Exercise brief: Find the line containing "方润生指出,党的十九届六中全" in the records below. Copy exactly that line and each one after it, ending at the line containing "In the Settings", and nothing more.

Records for the exercise:
+ + + + + + +

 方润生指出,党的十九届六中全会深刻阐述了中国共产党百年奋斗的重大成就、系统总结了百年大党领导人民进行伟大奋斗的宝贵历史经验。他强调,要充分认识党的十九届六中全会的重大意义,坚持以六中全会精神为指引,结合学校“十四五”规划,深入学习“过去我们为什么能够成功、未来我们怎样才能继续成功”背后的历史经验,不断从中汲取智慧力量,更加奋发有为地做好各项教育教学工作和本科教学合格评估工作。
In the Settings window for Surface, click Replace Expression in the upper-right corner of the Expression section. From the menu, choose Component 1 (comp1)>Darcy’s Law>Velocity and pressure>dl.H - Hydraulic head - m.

+ + + + + + +

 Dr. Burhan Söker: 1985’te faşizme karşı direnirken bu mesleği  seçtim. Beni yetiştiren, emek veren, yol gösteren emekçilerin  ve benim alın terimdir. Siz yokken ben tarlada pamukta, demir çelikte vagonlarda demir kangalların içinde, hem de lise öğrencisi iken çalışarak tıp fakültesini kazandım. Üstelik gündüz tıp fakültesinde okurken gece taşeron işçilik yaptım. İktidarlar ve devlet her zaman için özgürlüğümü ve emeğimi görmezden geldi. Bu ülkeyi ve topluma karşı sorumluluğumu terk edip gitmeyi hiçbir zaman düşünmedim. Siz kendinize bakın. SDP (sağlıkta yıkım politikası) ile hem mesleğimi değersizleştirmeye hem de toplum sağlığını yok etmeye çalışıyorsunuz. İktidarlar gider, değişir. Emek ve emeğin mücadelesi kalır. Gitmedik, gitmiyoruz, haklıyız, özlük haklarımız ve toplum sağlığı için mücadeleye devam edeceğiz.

+ + + + + + +

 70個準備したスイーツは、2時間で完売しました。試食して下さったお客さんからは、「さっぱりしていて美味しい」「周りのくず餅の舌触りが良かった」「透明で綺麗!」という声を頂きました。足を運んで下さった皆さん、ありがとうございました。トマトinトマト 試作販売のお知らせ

+ + + + + + +

Task response:
 方润生指出,党的十九届六中全会深刻阐述了中国共产党百年奋斗的重大成就、系统总结了百年大党领导人民进行伟大奋斗的宝贵历史经验。他强调,要充分认识党的十九届六中全会的重大意义,坚持以六中全会精神为指引,结合学校“十四五”规划,深入学习“过去我们为什么能够成功、未来我们怎样才能继续成功”背后的历史经验,不断从中汲取智慧力量,更加奋发有为地做好各项教育教学工作和本科教学合格评估工作。
In the Settings window for Surface, click Replace Expression in the upper-right corner of the Expression section. From the menu, choose Component 1 (comp1)>Darcy’s Law>Velocity and pressure>dl.H - Hydraulic head - m.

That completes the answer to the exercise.